В некотором смысле истина, возможно, в том, что если женщина до свадьбы познала не одного мужчину, то ей будет труднее, будучи женой, смириться с одним-единственным мужем. Не выйдет из волка дворовой собаки, а из гулящей бабы — доброй матери, как говорит охочий до крепкого словца Юрин отец — Яан Ванатоа. Видно, Юри принял всерьез отцовское предостережение. Что-то не слыхал никто, чтобы у Малль до или после Юри были другие женихи, поэтому вроде бы и семейная жизнь у них счастливая. Но ведь и сам Юри не бабник или с «ярко- красным цветком» в петлице Олавй... Но кто их знает, этих Юул искать далеко от деревни Сельяку не приходится. Взять ту же соседку Раунов, Лиду Уйеэлу, и нескольких ее дочерей...
Имеет ли он право требовать, чтобы Наадж была другой, нежели она есть в действительности?
Антон умер... И для него, Лааса, однажды наступит вечер и солнце закатится в последний раз... Но тогда должен остаться кто-то, кто продолжит его жизнь.
Золотые Ворота... Что такое его Золотые Ворота? Где они, эти его Золотые Ворота?..
Наадж... Наадж... Кто же она на самом деле? Он не знает ее, это чужой человек, с которым он только спал.
И все же он чувствует, что кроме него кто-то еще охвачен отчаянием, возможно даже большим, чем он сам. И Лаас возвращается в их маленький домик — Наадж нигде нет. Он зовет, ищет, наконец находит ее — на лодочной пристани. Глаза ее заплаканы.
— Лаас, Лаас, где ты был?.. Я искала тебя — не нашла. Лаас, о боже, боже! На тебе нет лица, у тебя глаза мертвеца... Я убила тебя.
— Может быть, но не столько тем, что рассказала, а тем, о чем умолчала... «не говори другим» — сказала...
— Кто сказал и что? •
— Сказал... Харри,—обходит он имя Юулы — или просто не может выговорить его.
— Харри ничего не сказал!
— Не ври!— кричит он в сердцах, в порыве даже самому непонятной злобы, будто его и впрямь уличили во лжи. Не оглядываясь, он возвращается в дом.
Сна нет. Оба весь день ничего не ели. Старая хозяйка постучалась вечером. Лаас, изобразив на лице радость, взял кружку с молоком, но так и не притронулся к ней. На
улице темно, и переметы, которые они вчера ставили и сегодня утром выбрали из моря, лежат перепутанные.

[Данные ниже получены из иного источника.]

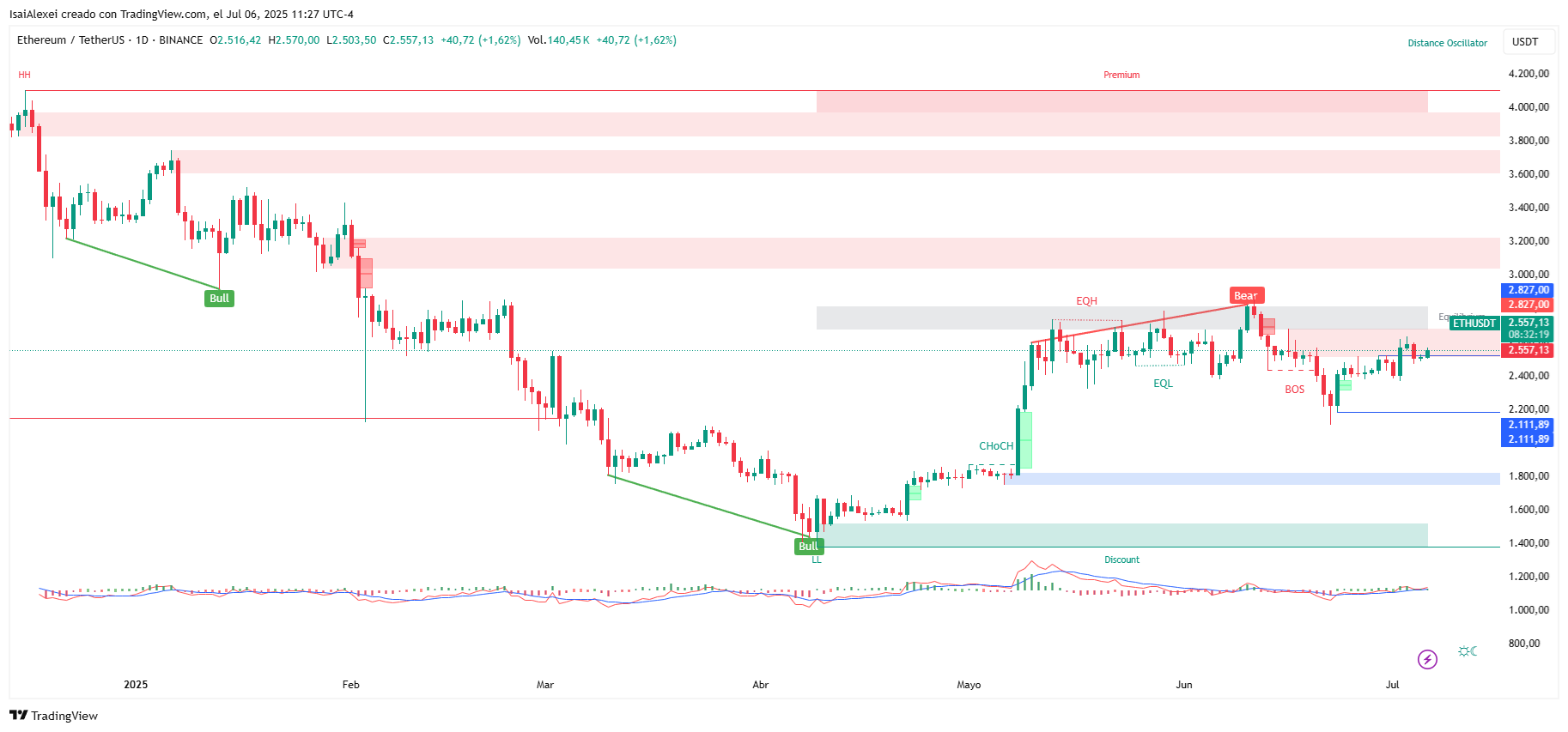 以太坊呈现中性偏多格局,日线与周线指标均发出"买入"信号,月线趋势保持中性。价格目前维持在2,480-2,500美元支撑带上方盘整,交易员正密切关注2,600-2,650美元区间的突破机会。

Лаас слышит, как Наадж ворочается, затем она начинает плакать, и вот она уже возле кровати. Опускается перед ним — Лаас все еще пребывает в оцепенении и видит лишь темную голову, которая выступает из белого круглого воротника ночной рубашки, затем робко, издалека и умоляюще руки Наадж начинают гладить край кровати, порой как бы нечаянно касаясь его плеч и рук. Лаас все еще неподвижен, хотя и настороже, пока наконец Наадж не начинает всхлипывать:
— ...Ударь меня, Лаас, ударь... Я не посмела тебе обо всем... ты же знаешь... это так ужасно... я была с Альбертом... Сперва я сказала тебе, что была... я еще не знала тогда, что ты всерьез любишь меня... но потом, когда ты написал те письма — так мне еще никто не писал — и сказал, что хочешь жениться на мне... тогда мне захотелось очиститься, вот и рассказала про дядю... Лаас, только не спрашивай, ты спрашиваешь так больно, я сама скажу...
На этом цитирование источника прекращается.